Find common lines with one file and with all of the files in another folder Post: 303013673

Sponsored Content

Top Forums Shell Programming and Scripting Find common lines with one file and with all of the files in another folder Post 303013673 by Don Cragun on Sunday 25th of February 2018 02:11:51 PM

02-25-2018

Registered User

Quote:

Originally Posted by abdulbadii

Code:

for i in /notinthatfolder/*.* {
 comm -12 filetobecompared $i >filetobecompared-$i
 }

This can't possibly work... Your output filenames (not pathnames) contain at least two slash characters. And that is still assuming that filetobecompared doesn't contain any <slash> characters; which isn't clear in the above code nor in the specification of the problem in the first post in this thread.

Furthermore, comm is only specified to work if both input files being processed "are ordered in the current collating sequence" (i.e., in sorted order). And, despite the first post in this thread specifying comm, there is no indication that the input files being processed meet this requirement.

The awk code RudiC suggested doesn't care about input files being sorted, but it does have a problem with <slash> characters in output file. But, I'm confused by Eve's statement saying that RudiC's code puts output in a single file. It doesn't; it creates output file pathnames for each output line based on the two input file pathnames. It should do exactly what was requested in post #1 if all of the files being compared are in the current working directory and no <slash> characters are used in any of the arguments given as any of hte filename operands passed to his awk script.

If you want a tested script that can create report files in a specified directory where each report file contains lines that are common between one file (specified to be in any directory) and one or more files (each specified to be in any directory) you could try something more like the following:

Code:

#!/bin/ksh
usage() {
	printf "$Usage\n" "$IAm" >&2
}

# Define script variables.
IAm=${0##*/}
Usage="Usage: %s output_directory initial_file file_to_compare..."

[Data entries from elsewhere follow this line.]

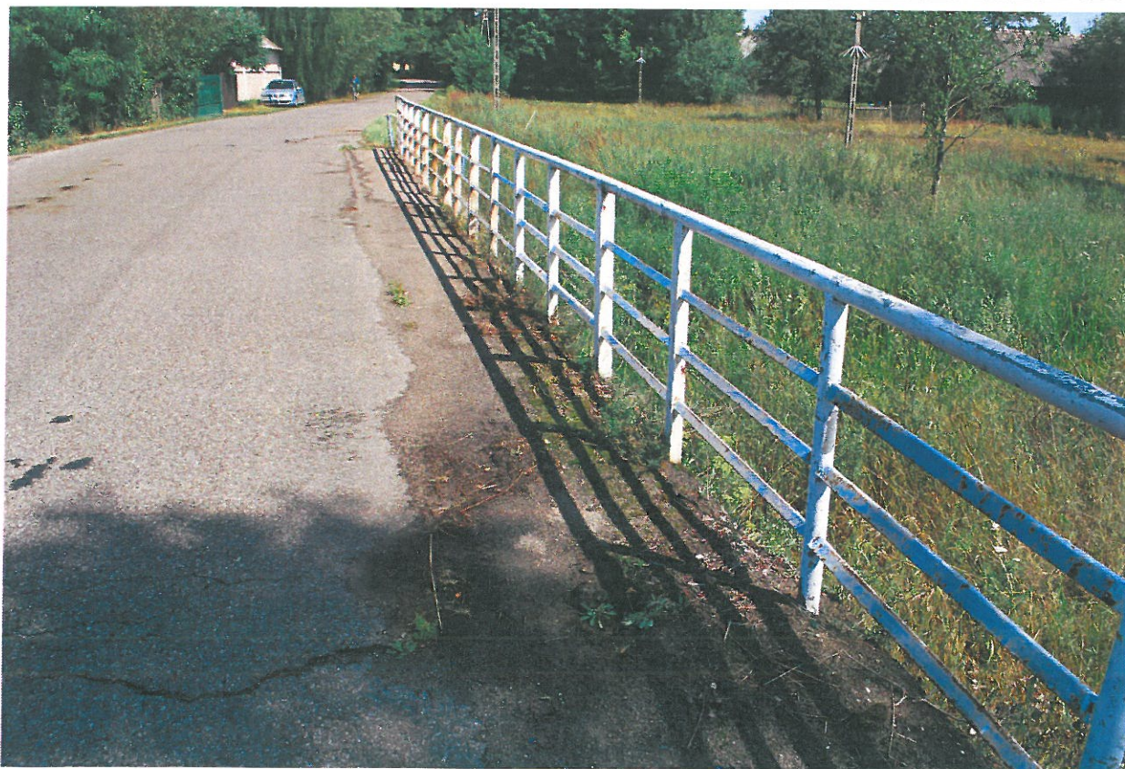
Fot. 10. Zanieczyszczenia, rysy, ubytki, deformacje nawierzchni jezdni – widok od strony górnej wody
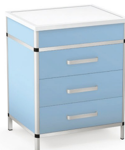
Moduł B - przewijak

Wymiary: 800 x 580 x 900 mm lub 900 x 580 x 900 mm [L x S x H]
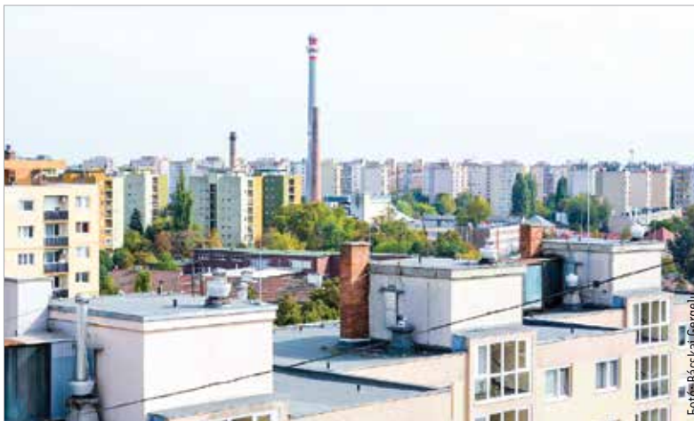
Körülbelül ötven százalékkal csökkent a távhő ára Székesfehérvár önkormányzata és a városi intézmények számára

A polgármester a részletekkel kapcsolatban kiemelte, hogy az új rendelet értelmében január elsejétől körülbelül ötven százalékkal, 25 586 Ft/GJ-ra csökkent a távhő ára az önkormányzat intézményei és épületei számára: „Ennek eredményeképpen a Vörösmarty Színházat a tervezettnél korábban, már március elsején újranyithatjuk! Persze ez még mindig jóval magasabb a korábbi, „békebeli” áraknál: annak idején 4400 Ft/GJ-ért tudtuk fűteni az önkormányzati épületeket. A 2022 végén tapasztalt 50 890 forintos ár tehát több mint tízszeres költségnövekedést jelentett. Ez
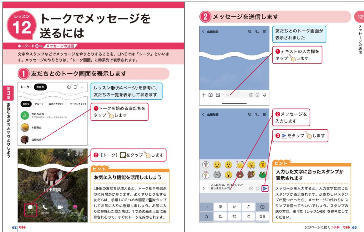
大きな文字と大きな画面で操作手順を丁寧に解説しています
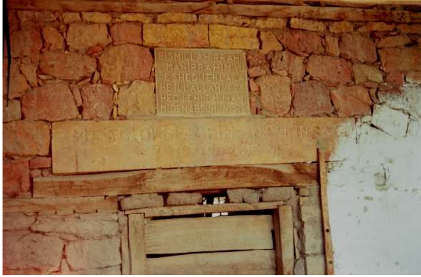
(Mescid-i Şerif'in Üçüncü İnşası, 07.04.1957)
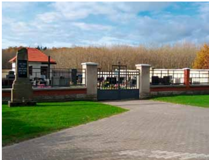
Bechov - oprava hřbitovní zdi a márnice je ve finále. Listopad 2023.
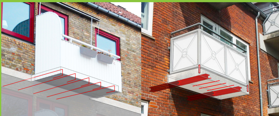
Figur 1: Den primære bærende funktion i en udkraget altanplade kan både være udført af indstøbte armeringsjern, som er med ud i altanpladen fra etagedækket (tv.) eller af omstøbte stålprofiler (udliggerjern), der er fastgjort til bjælkelaget (th.).

Betonaltaner med indstøbte udliggerjern ses typisk på bygninger fra perioden 1900-1960.
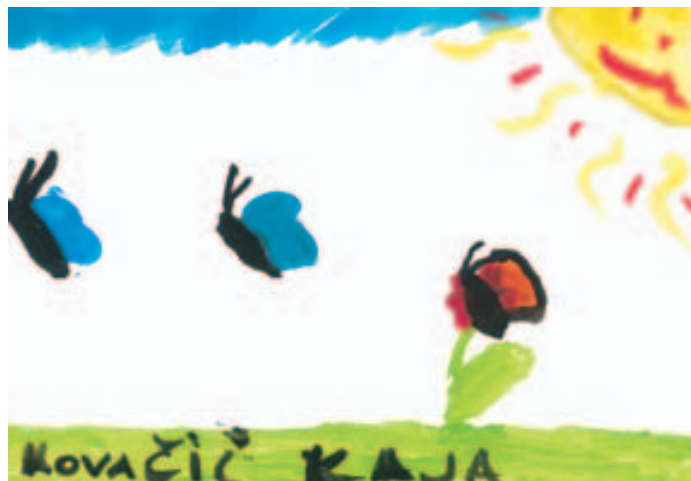
Kaja Kovačič, 8 let
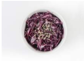
PURPLE SLAW 4.00

vihreitä soiijapapuja, merisuolaa / green soy beans flavored with marine salt
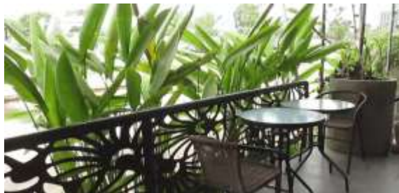
Gambar 10. Eksterior Avallon Café

Pada tampilan ini, penulis akan mulai menunjukkan partner kerja dari Miky Salon yang berupa Avallon Café, dimana 2 perusahaan ini bekerja sama untuk mencapai pelayanan maksimal. Penulis akan menampilkan eksterior dari Avallon Café serta tanaman sekitar. Tampilan ini berjalan dari durasi 01:42:01 hingga 02:06:05.
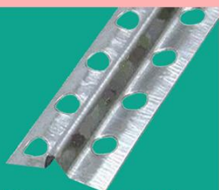
Маяк штукатурный перфорированный
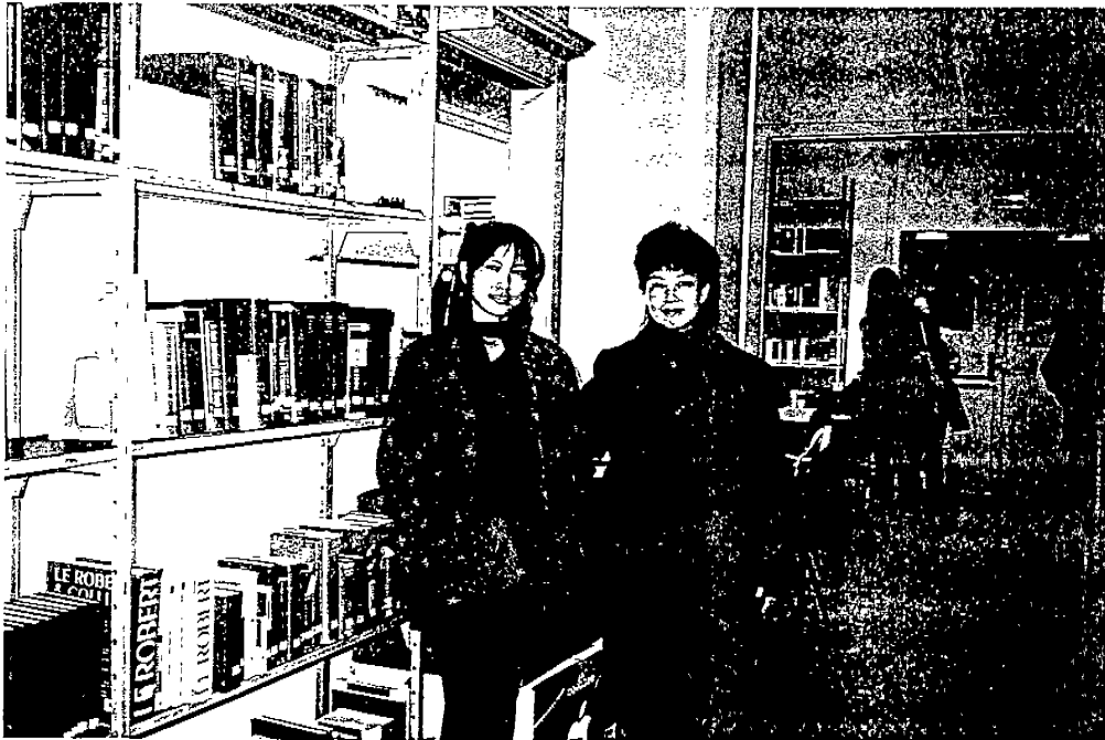
法國里昂東亞學院中文圖書館
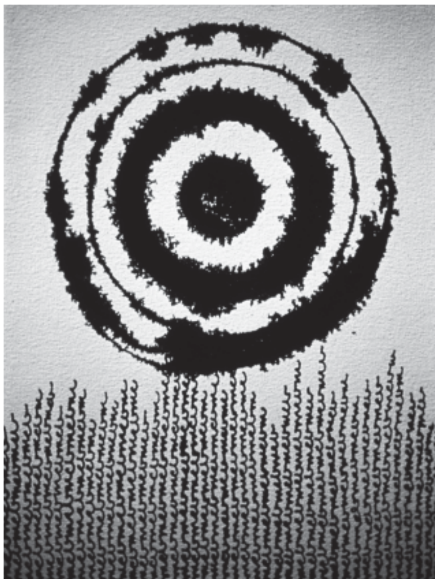
«mcb» petit soleil noir , 2004, 30 x 45 cm (encaustique sur toile et encre).
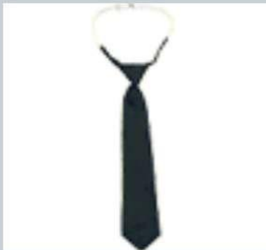
Галстук - регат
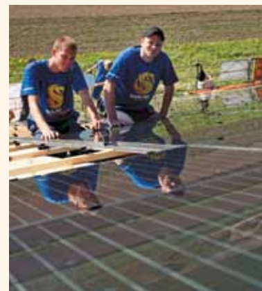
Auch Lernende packten beim Bau der Anlage an.

gründete die pvenergie AG. Unter deren Federführung wurde das 1885 Quadratmeter grosse Solardach gebaut. Am Projekt beteiligten sich unter anderem die Industrielles Betriebe Langenthal (ibl). Lernende der ibl haben im Rahmen eines Lehrlingsprojekts auch mitgeholfen, die Anlage zu montieren, die nun jährlich rund 250000 kWh Sonnenstrom produziert – genügend elektrische Energie also für rund 65 Haushalte.
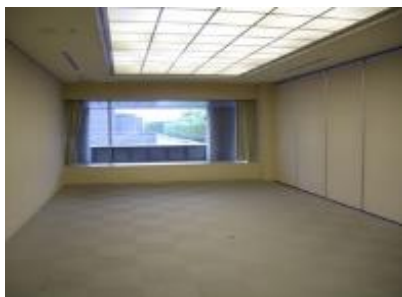
①12階アートスペースG
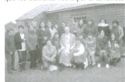
Comunidad de Reinaico, donde el Sr. Obispo, comenzó su Visita Pastoral, en agosto, a la Parroquia San Francisco de Parral. Allí se reunió también con las capillas de: Talquita, Perquillauquen, Monte Flor y los anfitriones.

Agradecemos el acompañamiento constante de nuestro sacerdotes, pues ellos siempre reforzaron cada iniciativa a favor de la reconstrucción y reparación de nuestros centros de Culto, como así también el apoyo de nuestro Obispo diocesano.
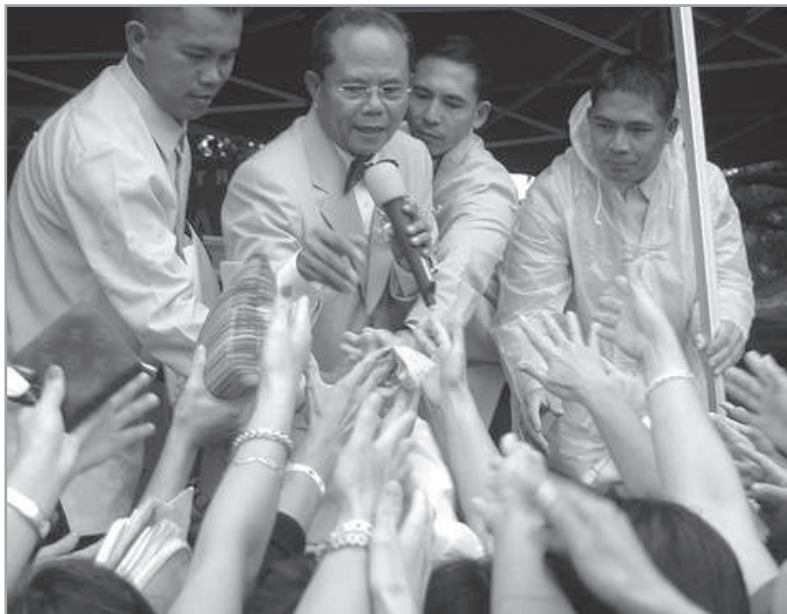
Rajongó megnyilvánulások vallási vezetők iránt a Fülöp-szigeteken

eleinte nem is adnak világos képet sem a szervezetről, sem a „megtérés” céljáról. Az érdeklődők nincsenek tisztában azzal, hogy mibe is keverednek. Sokszor a célcsoportok a hátizsákos fiatalok, mert éppen nincsenek a megszokott környezetükben, napi tennivalóik védelme alatt. A csoportban – főleg a kezdők esetében – a kétkedő vagy ellentétes vélemények negatív
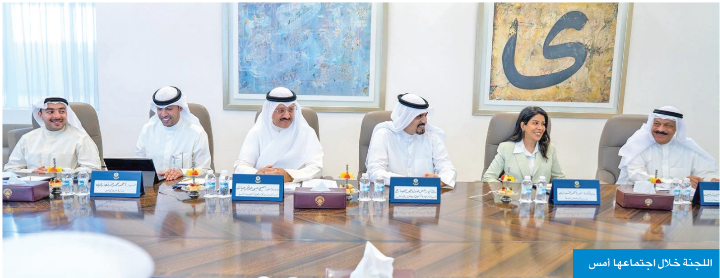
اللجنة خلال اجتماعها أمس
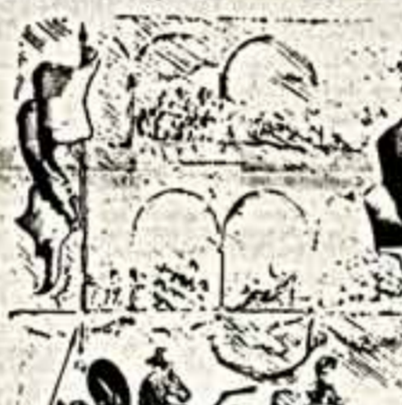
Иллюстрация художника А. Краченко к произведению А. С. Пушкина «Евгений Онегин».

Сегодня мы приглашаем читателей об иллюстрациях, сделанных замечательным графиком и художником А. С. Краченко.
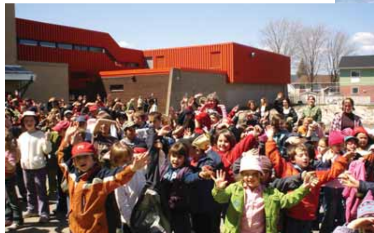
Un lundi tout en musique à travers la province de Québec. Les élèves de Saint-Joseph étaient honorés de démontrer leur savoir-faire et leur implication.
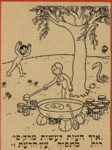
"איך העזת לעשות מדק-פי- רות מתפוח עץ-הדעת!"
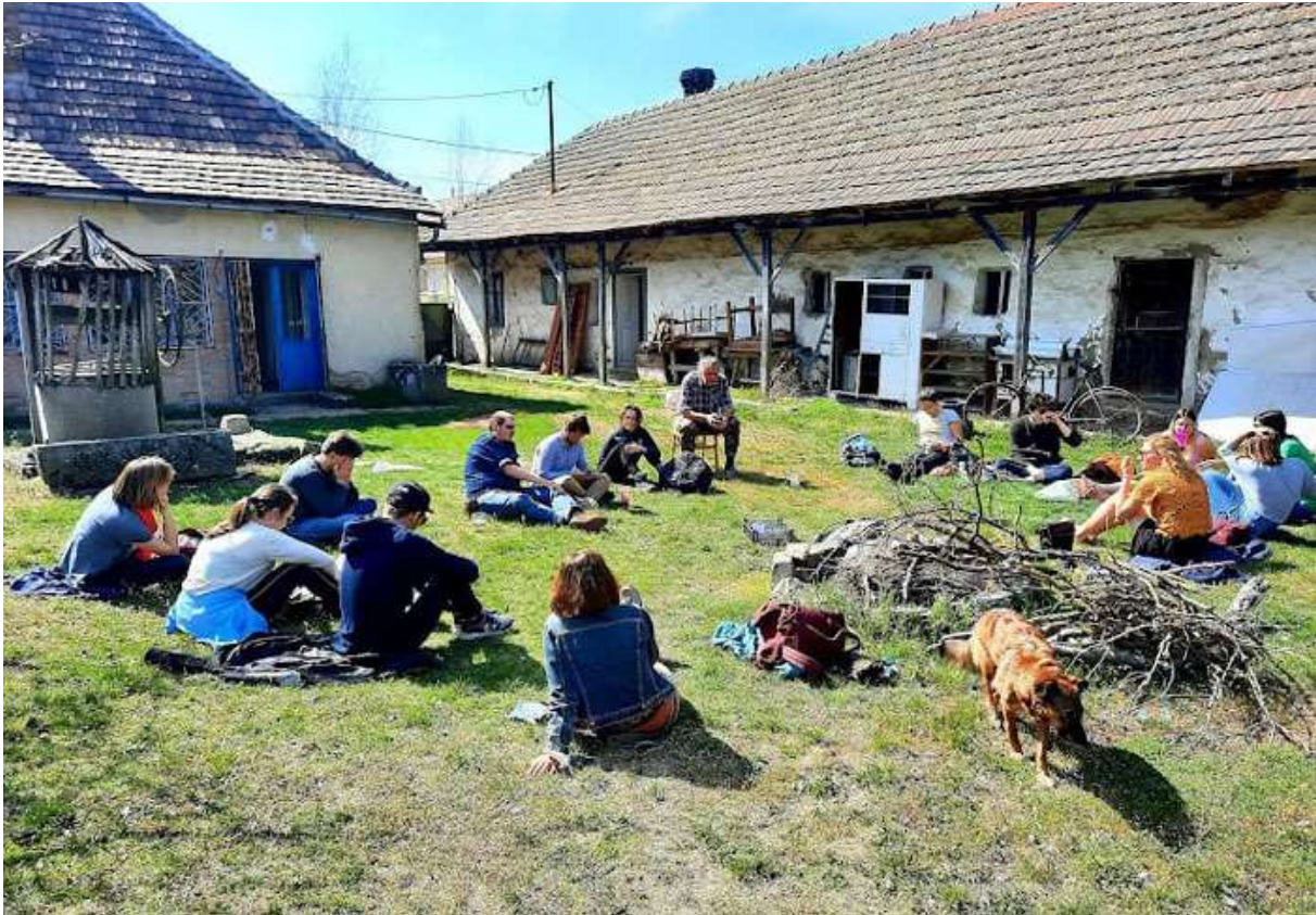
Tervezetés a Tájház udvarán
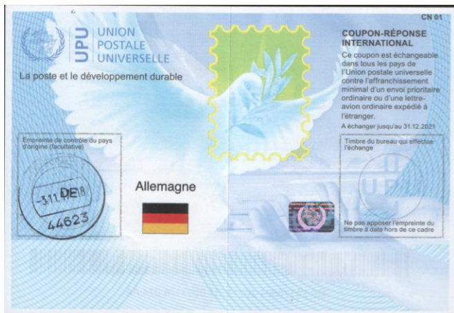
Новый образец (с 1.01.2018)

Идея IRC оказалась плодотворной: многие колониальные державы переняли успешный опыт ВПС и, будучи не в состоянии по разным причинам (в основном, в силу разницы валют метрополии и различных её колоний, зависимых территорий) ввести в рамках своих колониальных империй универсальную почтовую марку или хотя бы унифицировать почтовые тарифы и набор услуг, почты, внедрили альтернативные ответные купоны. Аналогичные проекты реализовывались и странами-членами некоторых региональных почтовых союзов. Правда, не все такие проекты оказались в итоге успешными.
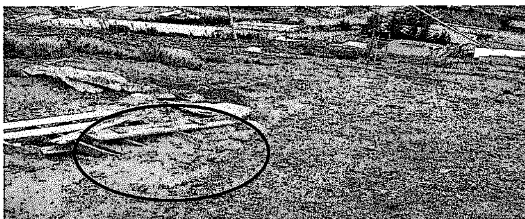
Foto N° 14-B: Afectación del medio natural, en la parte baja de la plataforma del nivel +100m, producto de las lamas que se descargaron por gravedad.
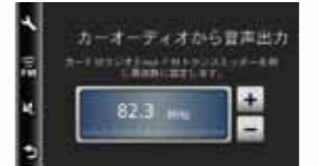
FMトランスミッター対応

MP3音楽ファイルと、WMVムービーファイルをサポートしていますので、ドライブ中のBGMや休憩中の映画鑑賞などで、あなたのドライブをより楽しく演出してくれます。
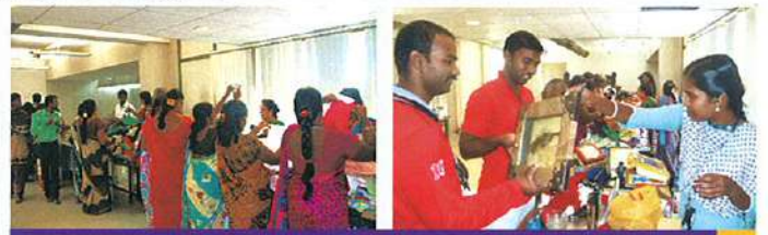
அழிச்சீவாக்கத்தில் தொண்டு பஜார்

ஒவ்வொரு ஆண்டும், தி செரியன் .பவுண்டேஷன் தொண்டு பஜார் என்ற நிதி திரட்டும் நிகழ்ச்சியை நடத்தி, அதில் கிடைக்கும் வருவாயை கொண்டு பல நலத்திட்டங்களை செயல்படுத்தி வருகிறது. இதற்கு நன்கொடையாக பொருட்கள் வழங்கிய உங்கள் அனைவருக்கும் தி செரியன் .பவுண்டேஷன் அறங்காவலர்களின் சார்பாக எங்களது உளமார்ந்த நன்றியினை தெரிவித்துக் கொள்கிறோம். தங்களின் உதவியினால் எங்களால் ரூ.1,09,172.00 நிதி திரட்டப்பட்டது.

# Verify that we have at least 3 arguments.
if [ $# -lt 3 ]
then	printf '%s: Not enough operands\n' "$IAm" >&2
	usage
	exit 1
fi

# Create output directory if it doesn't already exist and error out if we can't
# create it.
REPORT_DIR=$1
if ! mkdir -p "$REPORT_DIR"
then	usage
	exit 2
fi
printf '%s: Reports will be created in the directory "%s"\n' \
    "$IAm" "$REPORT_DIR"

# Shift off the output directory operand and invoke awk with the remaining
# arguments.
shift
awk -v destdir="$REPORT_DIR" '
FNR == 1 {
	# Create output pathname in destdir based on basename of input filenames
	if(NR == 1) {
		# Set the 1st part of the output pathname based on destdir and
		# the basename of the first input pathname.
		path1 = FILENAME
		sub(".*/", "", path1)
		path1 = destdir "/" path1 "-"
	} else {# Set the new output pathname that will be used if any
		# differences are found in the current input file based on
		# path1 and the basename of the current input pathname.
		new = FILENAME
		sub(".*/", "", new)
		new = path1 new
	}
}
NR == FNR {
	# Grab contents of the 1st input file.
	CMP[$0]
	next
}
$0 in CMP {
	# A line in the current file matched a line in the first file...
	if(last != new) {
		if(last)
			close(last)	# close the previous output file
		# Set the name of the new output file.
		last = new
	}
	# Print this duplicsted line into the current output file.
	print >> last
}' "$@"

This was written and tested using a Korn shell and also tested with bash. It should work with any shell that uses Bourne shell syntax and performs the parameter expansions required by the POSIX standards.

Note, however, that the output filenames uses the basename of the two input files found to have common lines. If files from different directories are being processed in a single run and the basenames of some of the files might be identical from different pathnames, it would be easy to also add a line in each output file naming the input file (or both input files) from which the following lines were copied, but that wasn't done here because it wasn't requested.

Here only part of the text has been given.